Indeed, Ardent Partners’ upcoming 2014 ePayables report that drew responses from more than 190 AP, finance, and other professionals shows that 80% of enterprises expect their AP staffs to shift from manual, tactical tasks to automated, strategic ones. Organizations want their AP staff to become better versed on ePayables solutions, particularly those supporting data analysis and reporting. These solutions and their requisite skill sets include:

  • ePayables solutions (our term for AP automation solutions), which require staff to manage workflow, identify and quickly respond to errors, analyze activity, and process reports
  • Business Networks, which require solid communication and collaboration skills, smart searching, and strategic thinking
  • Dynamic discounting, which include financial analysis to understand the best opportunities to use cash, engagement/collaboration with internal partners, communication, and of course, cash management.

In addition to helping them become more strategic, these skills will also help them collaborate with procurement (itself a strategic move). These changes are coming fast.

Ardent Partners’ research also finds that nearly 70% of companies expect the AP skill set to evolve in the next two years, with a focus on technology training. According to a Director of P2P at a global chemicals company, “If AP is going to improve, we have to continue to invest in tools. This is not the AP of the old day; there is a lot of technology that can make people more effective and this requires more technically-savvy people. AP has to build analytical strength as opposed to just processing [invoices].”

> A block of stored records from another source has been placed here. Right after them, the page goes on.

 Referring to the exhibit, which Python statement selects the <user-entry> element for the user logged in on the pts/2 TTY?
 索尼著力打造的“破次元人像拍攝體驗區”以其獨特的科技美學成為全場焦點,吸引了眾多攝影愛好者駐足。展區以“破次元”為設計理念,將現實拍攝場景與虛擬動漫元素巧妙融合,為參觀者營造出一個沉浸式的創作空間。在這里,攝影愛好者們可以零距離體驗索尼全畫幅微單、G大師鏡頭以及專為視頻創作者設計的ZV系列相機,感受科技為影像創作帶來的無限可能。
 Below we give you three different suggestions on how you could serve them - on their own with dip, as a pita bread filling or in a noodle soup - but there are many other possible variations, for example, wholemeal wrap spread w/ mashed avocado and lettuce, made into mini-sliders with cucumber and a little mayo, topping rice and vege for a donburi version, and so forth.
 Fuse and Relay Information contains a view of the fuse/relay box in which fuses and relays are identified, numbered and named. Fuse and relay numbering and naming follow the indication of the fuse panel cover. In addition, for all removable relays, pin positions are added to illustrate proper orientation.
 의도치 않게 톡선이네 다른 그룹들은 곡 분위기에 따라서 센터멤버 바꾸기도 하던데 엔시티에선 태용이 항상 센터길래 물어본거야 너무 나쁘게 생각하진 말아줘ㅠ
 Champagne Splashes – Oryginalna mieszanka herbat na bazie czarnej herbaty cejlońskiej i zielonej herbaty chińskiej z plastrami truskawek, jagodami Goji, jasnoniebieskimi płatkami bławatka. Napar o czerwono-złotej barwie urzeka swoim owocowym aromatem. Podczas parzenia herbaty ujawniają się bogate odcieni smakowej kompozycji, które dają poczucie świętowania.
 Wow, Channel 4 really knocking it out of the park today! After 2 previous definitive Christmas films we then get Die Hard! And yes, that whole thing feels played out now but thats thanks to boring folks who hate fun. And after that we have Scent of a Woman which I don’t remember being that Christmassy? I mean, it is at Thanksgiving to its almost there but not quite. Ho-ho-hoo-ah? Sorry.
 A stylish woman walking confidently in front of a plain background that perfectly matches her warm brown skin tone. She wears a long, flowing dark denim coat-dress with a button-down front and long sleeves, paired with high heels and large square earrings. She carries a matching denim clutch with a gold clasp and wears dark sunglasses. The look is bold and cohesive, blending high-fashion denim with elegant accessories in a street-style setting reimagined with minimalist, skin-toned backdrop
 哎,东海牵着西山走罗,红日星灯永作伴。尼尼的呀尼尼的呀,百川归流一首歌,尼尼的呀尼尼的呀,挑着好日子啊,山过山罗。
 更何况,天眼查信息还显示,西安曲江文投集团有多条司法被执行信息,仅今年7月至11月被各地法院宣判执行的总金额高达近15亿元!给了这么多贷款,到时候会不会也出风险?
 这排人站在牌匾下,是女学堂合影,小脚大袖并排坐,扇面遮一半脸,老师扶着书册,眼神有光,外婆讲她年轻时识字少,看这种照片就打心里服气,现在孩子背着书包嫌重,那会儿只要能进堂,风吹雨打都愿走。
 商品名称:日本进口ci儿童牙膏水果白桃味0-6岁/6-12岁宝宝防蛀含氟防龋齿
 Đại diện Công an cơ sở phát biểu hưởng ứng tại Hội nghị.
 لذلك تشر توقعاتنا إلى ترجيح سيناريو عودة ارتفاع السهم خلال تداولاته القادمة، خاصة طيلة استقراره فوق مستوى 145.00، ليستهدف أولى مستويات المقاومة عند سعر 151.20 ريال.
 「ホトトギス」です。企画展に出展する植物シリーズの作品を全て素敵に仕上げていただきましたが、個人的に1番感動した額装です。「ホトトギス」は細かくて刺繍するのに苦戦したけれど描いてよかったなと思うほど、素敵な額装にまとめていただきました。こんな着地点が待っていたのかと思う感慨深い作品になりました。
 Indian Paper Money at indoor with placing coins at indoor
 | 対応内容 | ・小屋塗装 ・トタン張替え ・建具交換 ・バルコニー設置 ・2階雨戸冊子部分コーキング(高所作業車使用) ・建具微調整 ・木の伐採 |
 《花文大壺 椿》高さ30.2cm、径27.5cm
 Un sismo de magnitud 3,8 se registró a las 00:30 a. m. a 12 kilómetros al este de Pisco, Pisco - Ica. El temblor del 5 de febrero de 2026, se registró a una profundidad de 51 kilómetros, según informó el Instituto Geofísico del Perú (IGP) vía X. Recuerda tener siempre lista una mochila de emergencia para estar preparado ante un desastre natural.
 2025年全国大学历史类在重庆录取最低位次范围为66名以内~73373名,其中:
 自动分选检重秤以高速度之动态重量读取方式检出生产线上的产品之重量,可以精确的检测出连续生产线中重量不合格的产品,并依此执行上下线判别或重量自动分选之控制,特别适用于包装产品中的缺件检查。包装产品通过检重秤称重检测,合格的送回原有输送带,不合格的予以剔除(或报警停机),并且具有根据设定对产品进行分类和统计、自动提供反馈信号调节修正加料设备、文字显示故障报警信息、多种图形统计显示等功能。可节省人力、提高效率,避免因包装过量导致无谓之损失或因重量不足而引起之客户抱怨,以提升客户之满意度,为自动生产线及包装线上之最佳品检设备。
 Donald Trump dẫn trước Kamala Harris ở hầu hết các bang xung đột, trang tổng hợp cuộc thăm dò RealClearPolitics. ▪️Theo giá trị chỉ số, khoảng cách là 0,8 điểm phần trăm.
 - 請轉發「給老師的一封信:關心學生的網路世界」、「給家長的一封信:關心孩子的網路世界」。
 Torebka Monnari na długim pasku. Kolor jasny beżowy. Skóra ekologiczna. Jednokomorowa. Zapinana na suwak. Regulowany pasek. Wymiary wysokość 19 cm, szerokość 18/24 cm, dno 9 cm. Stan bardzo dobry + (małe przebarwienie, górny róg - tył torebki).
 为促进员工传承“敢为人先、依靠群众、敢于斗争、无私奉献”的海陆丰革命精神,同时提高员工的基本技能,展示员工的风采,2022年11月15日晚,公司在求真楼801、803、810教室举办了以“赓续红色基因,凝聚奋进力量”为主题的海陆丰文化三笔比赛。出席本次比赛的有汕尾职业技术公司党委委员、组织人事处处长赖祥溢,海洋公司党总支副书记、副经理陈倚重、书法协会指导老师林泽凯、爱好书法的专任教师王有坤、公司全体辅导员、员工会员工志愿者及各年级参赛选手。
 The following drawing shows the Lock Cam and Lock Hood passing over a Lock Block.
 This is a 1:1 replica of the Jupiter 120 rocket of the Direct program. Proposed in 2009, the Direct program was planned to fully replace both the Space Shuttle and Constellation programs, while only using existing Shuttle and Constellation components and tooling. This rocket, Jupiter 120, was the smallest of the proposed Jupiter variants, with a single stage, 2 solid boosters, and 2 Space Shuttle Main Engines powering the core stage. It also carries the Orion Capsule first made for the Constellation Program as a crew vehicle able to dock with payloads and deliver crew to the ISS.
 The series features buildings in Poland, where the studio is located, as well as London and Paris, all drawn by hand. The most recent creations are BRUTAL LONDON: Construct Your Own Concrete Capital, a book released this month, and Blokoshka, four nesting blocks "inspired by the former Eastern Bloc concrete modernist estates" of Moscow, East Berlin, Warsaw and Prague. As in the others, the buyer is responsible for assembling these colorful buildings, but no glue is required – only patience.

Clearly, technology alone is not the panacea for AP departments that are trying to become faster and more efficient. Skill sets need to evolve to match technology investments and deployments within AP departments, otherwise, these investments will be wasted on staff who haven’t mastered the solutions or even learned their basic functions. As the saying goes, people are the weakest link.

AP’s dawn has come, a new day has arrived – is your AP department ready to face it? What can procurement do to help them adopt and master these skills and deliver greater value to the enterprise?